[Data records]
******************************

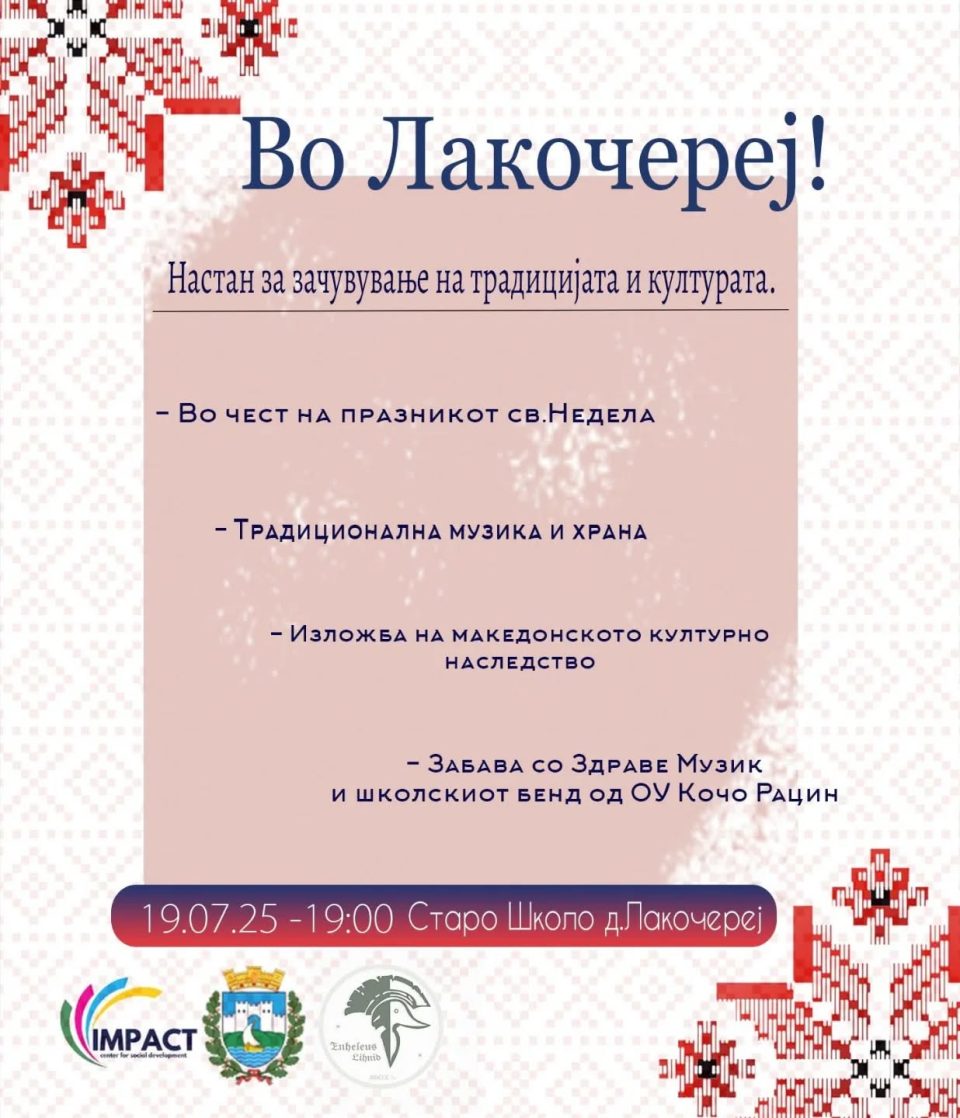 Во чест на празникот св. Недела, заедно со Центарот за Оштествен Развој – Импакт од Охрид, ве покануваме на настанот за зачувување на традицијата и културата во д.Лакочереј, Охрид, соопшти Здружение за заштита на природните и националните богатства Енхелеус Лихнид.
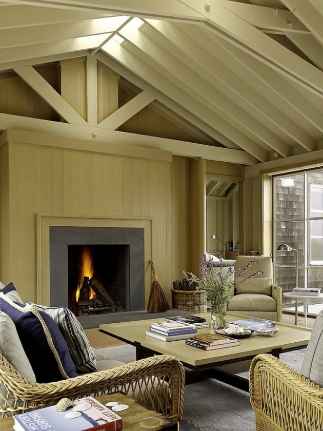 The framing of the house is left exposed to the interior, which draws on the construction techniques used in early California beach houses where temperatures do no fluctuate in the way that they do in the valleys, and of course before modern building codes. The insulation was added to the outside of the framing at both the walls and the ceiling rather than in the wall cavity itself. Vertical grain fir wainscot hides the wires and pipes below the three foot level at the walls, and is used as flooring as well. Other materials are red cedar shingles, aluminum double pane windows, bluestone used at the courtyard paving, fireplace and countertops, and Alaskan yellow cedar at the wood terrace on the ocean side of the house.
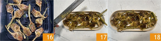 Kochen Sie nur noch 2 Minuten, oder bis sie schön goldbraun sind 16. Wenn sie abgekühlt sind, würzen Sie sie mit einer Prise Zitronenschale 17 und Ihre Artischocken in der Heißluftfritteuse sind bereit zum Servieren 18!
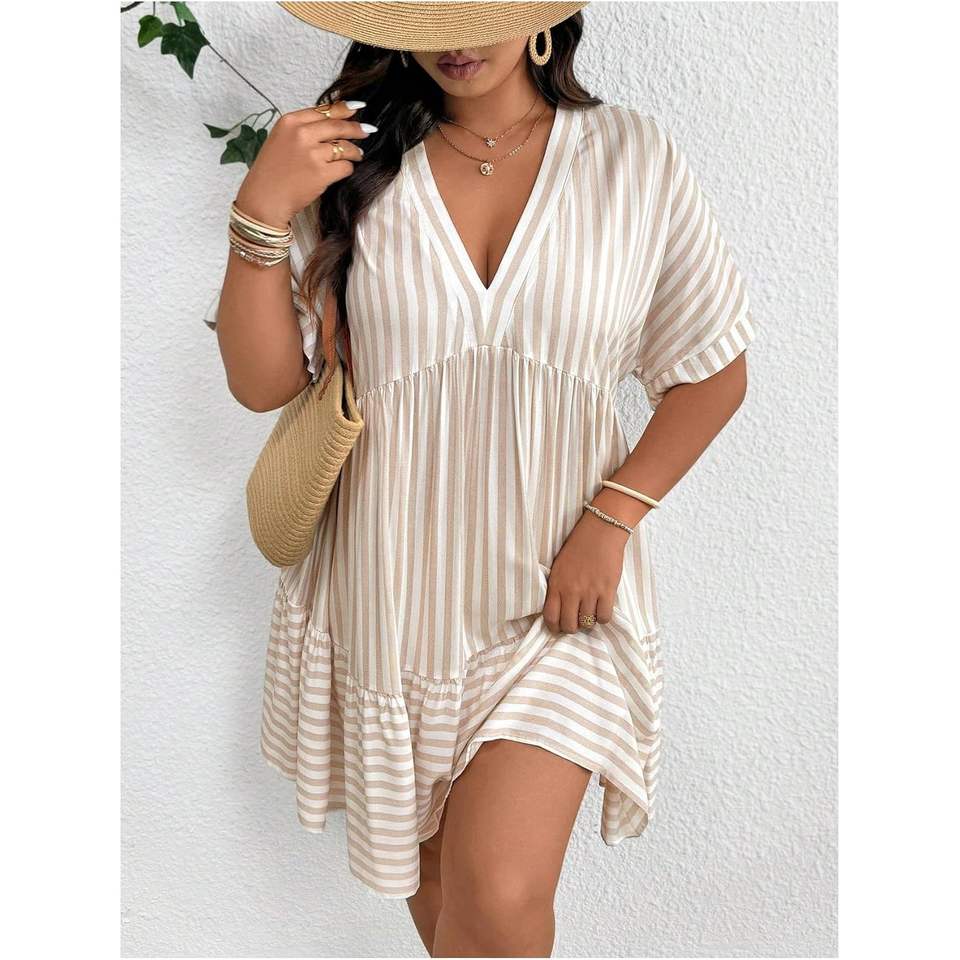 Custom Women's Plus Size Striped Ruffle Dress Empire Waist V Neck Half Sleeve Loose Chiffon Summer Babydoll Dress
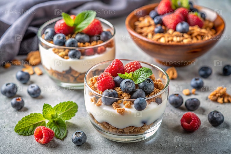 миска домашнего йогурта, мусли, ягод и орехов. здоровый и вкусный завтрак. доброе утро
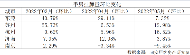 不过,安居客数据显示,5月,东莞市挂牌房源的增长幅度明显低于3、4月,截至5月24日,5月份,东莞二手房挂牌量环比增长7.32%,而此前的3月和4月,东莞市二手房挂牌量分别环比增长40.79%和29.11%。
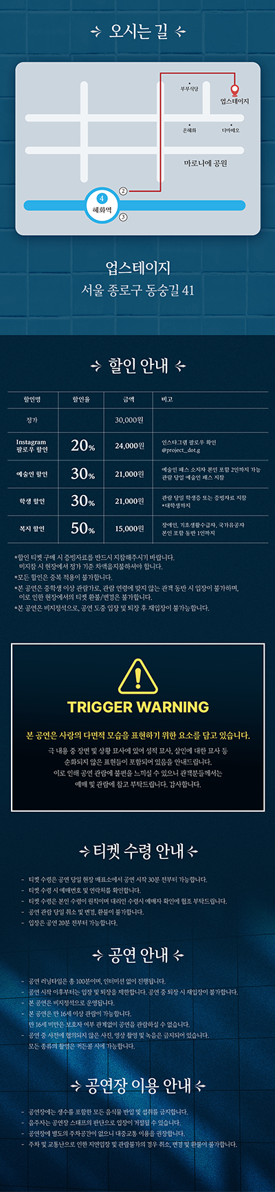 수요일 ~ 금요일(19:30), 토요일(14:00,19:00), 일요일(14:00)
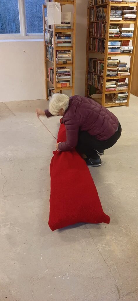 Billeder fra forarbejdet med ophængning af sløjfen - der er nogen meter strik at få styr på
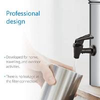 - Efficient filtration: Developed for families that use substandard drinking water, for travel and outdoor activities, the Black Water Filter uses natural coconut shell activated carbon and BPA-free housing (Please confirm whether you are allergic to it), which effectively reduces harmful substances such as sand, rust, odor, sediment, and large particles and improves the taste of water. You can get up to 99% of chlorine reduction. It provides you with clean, safe water.
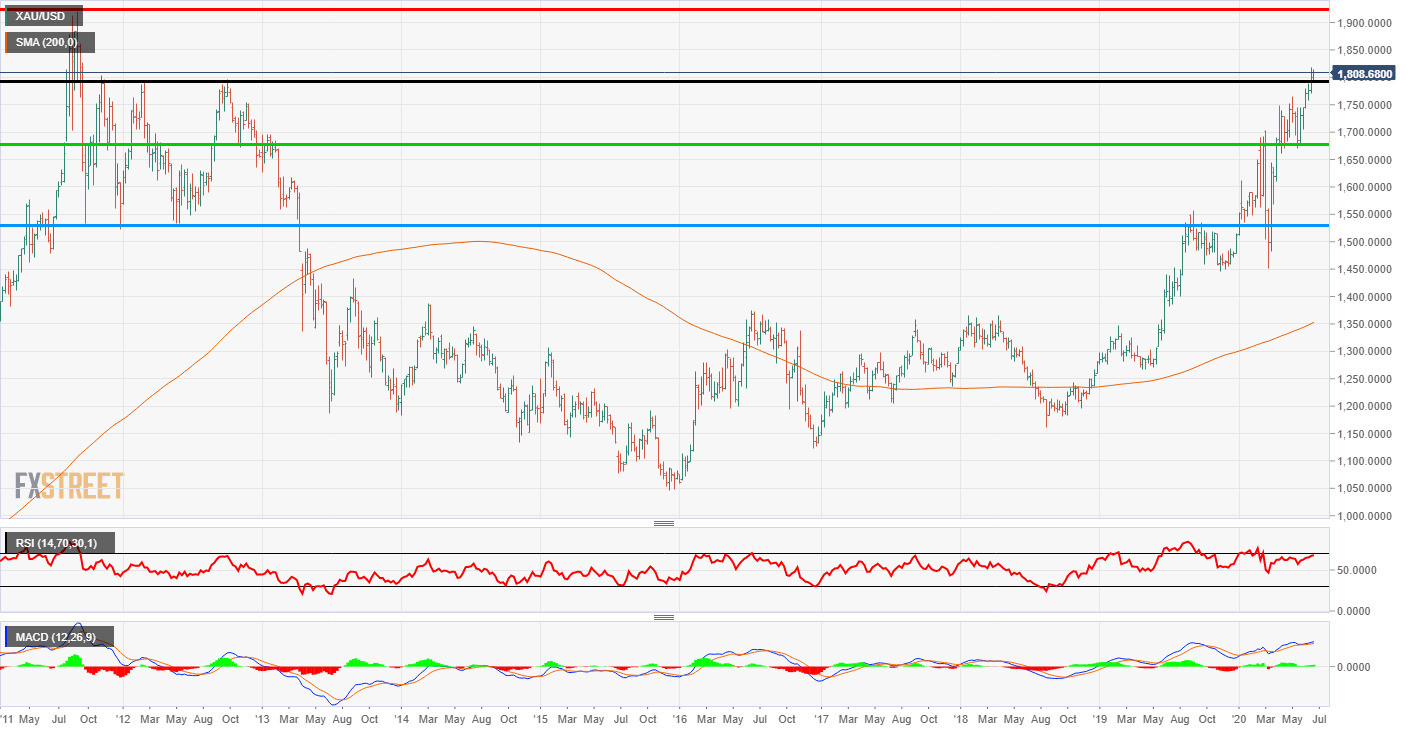 黄金周线图显示,价格保持在自2011年9月以来的每盎司1802.92美元的先前合并高点上方。价格仍可能达到甚至打破历史最高点,但可能首先需要回撤。这就是图表中标记所有其他支撑位的原因。下行的下一个主要水平是绿线,每盎司1677.15美元。很难看到价格与当前水平相差太远,但在此之前,每盎司1750-1700美元可能也是强劲的支撑。
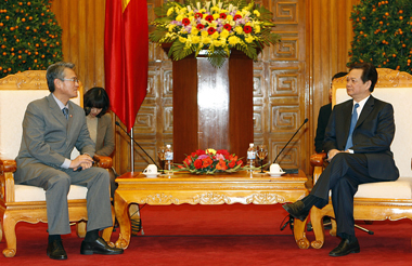 PM Nguyễn Tấn Dũng (R) and RoK’s Ambassador to Việt Nam Park Suk-hwan, Hà Nội, February 8, 2011 – Photo: VGP
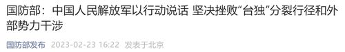 国防部:中国人民解放军以行动说话,坚决挫败“台独”分裂行径和外部势力干涉

******************************

ASSIGNMENT: The records above are to be copied exactly, without their pictures.

RESULT OF THE EXERCISE:
 Во чест на празникот св. Недела, заедно со Центарот за Оштествен Развој – Импакт од Охрид, ве покануваме на настанот за зачувување на традицијата и културата во д.Лакочереј, Охрид, соопшти Здружение за заштита на природните и националните богатства Енхелеус Лихнид.
 The framing of the house is left exposed to the interior, which draws on the construction techniques used in early California beach houses where temperatures do no fluctuate in the way that they do in the valleys, and of course before modern building codes. The insulation was added to the outside of the framing at both the walls and the ceiling rather than in the wall cavity itself. Vertical grain fir wainscot hides the wires and pipes below the three foot level at the walls, and is used as flooring as well. Other materials are red cedar shingles, aluminum double pane windows, bluestone used at the courtyard paving, fireplace and countertops, and Alaskan yellow cedar at the wood terrace on the ocean side of the house.
 Kochen Sie nur noch 2 Minuten, oder bis sie schön goldbraun sind 16. Wenn sie abgekühlt sind, würzen Sie sie mit einer Prise Zitronenschale 17 und Ihre Artischocken in der Heißluftfritteuse sind bereit zum Servieren 18!
 Custom Women's Plus Size Striped Ruffle Dress Empire Waist V Neck Half Sleeve Loose Chiffon Summer Babydoll Dress
 миска домашнего йогурта, мусли, ягод и орехов. здоровый и вкусный завтрак. доброе утро
 不过,安居客数据显示,5月,东莞市挂牌房源的增长幅度明显低于3、4月,截至5月24日,5月份,东莞二手房挂牌量环比增长7.32%,而此前的3月和4月,东莞市二手房挂牌量分别环比增长40.79%和29.11%。
 수요일 ~ 금요일(19:30), 토요일(14:00,19:00), 일요일(14:00)
 Billeder fra forarbejdet med ophængning af sløjfen - der er nogen meter strik at få styr på
 - Efficient filtration: Developed for families that use substandard drinking water, for travel and outdoor activities, the Black Water Filter uses natural coconut shell activated carbon and BPA-free housing (Please confirm whether you are allergic to it), which effectively reduces harmful substances such as sand, rust, odor, sediment, and large particles and improves the taste of water. You can get up to 99% of chlorine reduction. It provides you with clean, safe water.
 黄金周线图显示,价格保持在自2011年9月以来的每盎司1802.92美元的先前合并高点上方。价格仍可能达到甚至打破历史最高点,但可能首先需要回撤。这就是图表中标记所有其他支撑位的原因。下行的下一个主要水平是绿线,每盎司1677.15美元。很难看到价格与当前水平相差太远,但在此之前,每盎司1750-1700美元可能也是强劲的支撑。
 PM Nguyễn Tấn Dũng (R) and RoK’s Ambassador to Việt Nam Park Suk-hwan, Hà Nội, February 8, 2011 – Photo: VGP
 国防部:中国人民解放军以行动说话,坚决挫败“台独”分裂行径和外部势力干涉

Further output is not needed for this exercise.